A small group of trainees crowded around the shrinks to register their skepticism and extend the discussion while the rest of us drifted outside and attempted smart-ass remarks about “black tarry stools” and other incongruous nuggets from our shared test experience. The thrust of the trainees’ unscientific criticism of the MMPI was that the instrument was invalid; it could not possibly give meaningful insights to our or anyone’s psychological stability.
Ironically, the federal government is now forbidden by law from forcing any employee (presumably Peace Corps Volunteers included) to take the MMPI, but the prohibition is not on the grounds that the test can’t measure psychosis. This kind of testing was successfully challenged on the grounds that asking people to answer true/false items such as “God frequently talks to me and tells me what to do” intrudes on an employee’s right to privacy.

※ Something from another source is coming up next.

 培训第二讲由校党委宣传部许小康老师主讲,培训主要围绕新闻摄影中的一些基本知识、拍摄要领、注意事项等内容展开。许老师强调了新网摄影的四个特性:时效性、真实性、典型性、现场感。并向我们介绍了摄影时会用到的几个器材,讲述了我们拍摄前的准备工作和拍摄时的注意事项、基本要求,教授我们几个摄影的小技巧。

All of us in this training group were going to be English Teachers when we got to Iran, and being highly motivated, we immersed ourselves enthusiastically in our studies. We were well educated and academically accomplished, but few of us had any teaching experience. The Peace Corps classified us as “BAGs” (BA generalists) and felt that we could be made into effective teachers after participation in the twelve-week technical studies component of our training. The principal weakness of this condensed teacher preparation program was the lack of practice teaching, especially in some approximation of the difficult language, cross-cultural and school conditions we expected to find in Iran.

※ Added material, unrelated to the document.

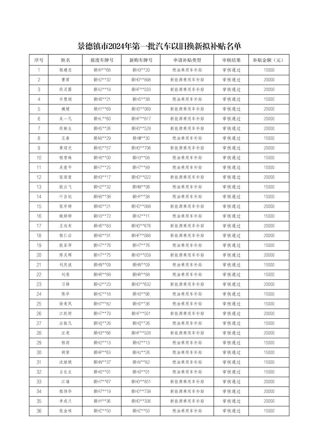 附件:景德镇市2024年第一批汽车以旧换新拟补贴名单

The University of Texas decided to remedy the problem by sending us all to Mexico City for two weeks. The education office of the Federal District in Mexico agreed to assign each of us to a junior high school English teacher for this period. After a couple of days observing classes, the Mexican teacher was to watch and critique us as we taught his or her full schedule. It was an imaginative plan, but it involved some tricky political issues. Most notably, Mexico considered itself at a higher level of development than the countries where the United States was sending Peace Corps Volunteers. Unlike Honduras, Peru or Chile, Mexico had not asked for Peace Corps help and was sensitive to any implication that it should have. Our staff warned us repeatedly not to mention the words “Peace Corps” while we were in Mexico. If asked, we were to conceal our true status by saying to government officials and everyone else that we were “graduate students in education at the University of Texas.” The teacher training coordinator implied that any break in the charade could jeopardize the whole operation.
To get to the border at Nuevo Laredo, we traveled in two buses, and after a four-hour wait for the completion of customs formalities (which would have been a lot shorter if we had been culturally sensitive enough to provide a small bribe, or “mordida”), we entered Mexico. For many of us, it was the first time outside the United States. We experienced the excitement of foreign travel and the fascination of interacting in a new culture, but for us, it was the “wrong” country. 200 hours of language lessons and I couldn’t even say Buenos dias! Two months of lectures on the Achaemenid Empire and ancient Persian archeological sites and I knew nothing about Aztecs and the Temple of the Sun. However important the student teaching was going to be for us, the cultural context of Mexico was something of a distraction.
The buses let us off at the dated but still elegant Hotel Regis in the center of Mexico City, convenient since we would scatter every morning to schools in all areas of the sprawling metropolis. Summoned to the ballroom, we were welcomed by various Mexican education officials. Sra. Lopez, the energetic woman in charge of language education for the Federal District, got us quite excited about our upcoming assignments. During a break, she asked for volunteers who had political science, United States history or economics majors, and who perhaps had some debate experience, to meet with her at the side table. Several of us from the Jim Wright seminar responded.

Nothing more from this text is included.